1. How to properly do cross-platform, high-performance two-way synced folders between host and guest. Most providers only support one-way syncing. Virtualbox has shared folders, but their performance is pretty lousy and they have issues with relative symlinks. In fact, I still don't fully know what the correct setup is for a dev environment where the files are edited on the host and the guest immediately picks up on them...

2. This idea that with vagrant you'll never again say "It works on my machine" is a lie. So many inconsistencies between Vagrant on Windows, Linux and macOS. Internet connection sharing, line endings issues, symlinking issues, ...

If anyone wants to see how we're using Vagrant:

https://github.com/hearthsim/hearthsim-vagrant

I don't want to make it sound like Vagrant isn't solving a real problem though, it is. It's just not the unicorn it claims to be.




The same is true for cross-platform Docker.

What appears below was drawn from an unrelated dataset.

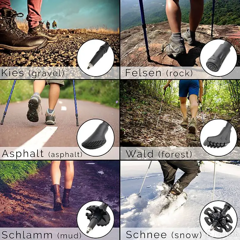 - 1 Paar ATTRAC® Trekking Stöcke inkl. Gummipuffer, 3 Paar Pads, 2 Paar Teller

1. On macOS, host FS volumes are two magnitudes slower. There are a series of hacks that try to mitigate this problem and progress has been made, but it’s still too slow for a dev environment. Linux doesn’t have this problem. I don’t know about Windows.

2. Also on macOS, the host networking bridge doesn’t work the same way it works on Linux. There’s a different hostname that’s used to access the host from within the container that’s inconsistent with Docker on Linux.

Docker is working through these issues, but they’ve been ongoing for years.

I’ve written about Docker dev macOS environments at bradgessler.com, but have given up mostly because FS performance is so poor. Now I spin up what I call “Dockerish” dev environments where my service dependencies run in Docker and the app runs on my host.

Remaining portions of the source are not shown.